Em terceiro lugar, o projeto de lei que legalizou o aborto na Argentina contou com o apoio do então presidente, Alberto Fernández. Esse apoio permitiu a formação de uma ampla coalizão dentro do Congresso Nacional favorável ao projeto. Diferentemente, os presidentes brasileiros, inclusive de partidos de esquerda, têm se posicionado de forma contrária à pauta, dificultando a formação de coalizões majoritárias dentro do Legislativo para a aprovação do tema.

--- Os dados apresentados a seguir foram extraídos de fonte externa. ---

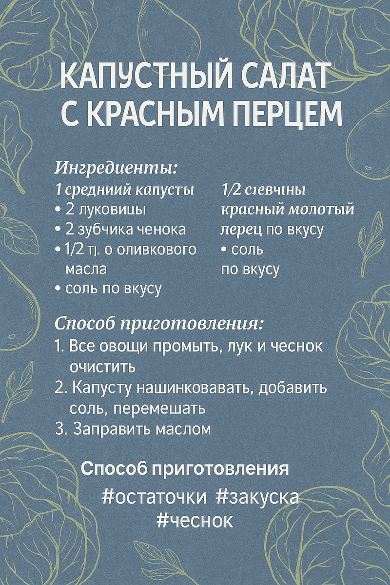 🥗 КАПУСТНЫЙ САЛАТ С КРАСНЫМ ПЕРЦЕМ 🌶️ Когда хочется огонька… но чтобы без драмы в личной жизни! 🔥 Ингредиенты: • 400 г капусты (той самой, что не в кошельке) • 2 луковицы — можно поплакать заранее 🧅 • 2 зубчика чеснока — чтобы к вам не лезли с разговорами • Соль — щепотка на удачу • Красный молотый перец — по вкусу (и по настроению) Как готовить (и не сойти с ума): 1️⃣ Капусту шинкуем, как свои планы на выходные, солим, мешаем — и в угол на 2–3 часа подумать о жизни. 2️⃣ Лук и чеснок мелко рубим, чтобы пахло «по-серьёзке». 3️⃣ Всё это добро перемешиваем, кладём в миску, придавливаем грузом (в идеале — чугунной сковородой или взглядом тёщи). 4️⃣ Выдерживаем 2 суток, и всё — салат, как из деревенского детства, но с перчинкой! Важно: Через 48 часов будет 🔥: салат острый, пикантный, как новая серия любимого сериала! 💬 Подходит к мясу, картошке и к любому разговору на кухне. #рецепты #шуткиплиты #еда #приколыизкухни #овощнойсалат #капустапошла #дзенкухня #юморидлявсех #домашняя

Por último, no momento da aprovação da legalização do aborto, a bancada feminina ocupava mais de 40% das cadeiras do Congresso Nacional da Argentina. Apesar do Brasil adotar uma lei de cotas para candidaturas femininas desde 1997, a bancada feminina ocupa atualmente 17,7% das cadeiras na Câmara dos Deputados. Na legislatura que se encerrou em 2022, ela era de apenas 15%. Em períodos anteriores, essa porcentagem era ainda menor. A sub-representação política feminina no Congresso Nacional brasileiro e o aumento da bancada de partidos que defendem posturas mais conservadoras em relação aos direitos reprodutivos têm dificultado a representação substantiva dos interesses dos movimentos feministas no parlamento, especialmente em temas mais polêmicos, como o aborto.
QUEM DEVERIA CONHECER SEUS RESULTADOS?
Além de pesquisadoras e ativistas, esta pesquisa interessa a todas as pessoas preocupadas com a garantia de direitos reprodutivos no Brasil.
REFERÊNCIAS
Belucci, Mabel. “Coalizões queer: aborto, feminismo e dissidências sexuais de 1990 a 2005 em Buenos Aires”. In: Blay, Eva; Avelar, Lúcia (orgs.). 50 anos de feminismo: Argentina, Brasil e Chile. São Paulo: Edusp, 2017.
Biroli, Flávia; Machado, Maria das Dores Campo; Vaggione, Juan Marco. Gênero, neoconservadorismo e democracia: disputas e retrocessos na América Latina. São Paulo: Boitempo, 2020.
Gago, Verónica. A potência feminista, ou o desejo de transformar tudo. São Paulo: Elefante, 2020.
Lavalle, Adrian Gurza; Carlos, Euzeneia; Dowbor, Monika; Szwako, José. Movimentos sociais e institucionalização: políticas sociais, raça e gênero no Brasil pós-transição. Rio de Janeiro: Eduerj, 2018.
Zaremberg, Gisela; Almeida, Débora. Feminisms in Latin America: Pro-choice Nested Networks in Mexico and Brazil. Cambridge: Cambridge University Press, 2022.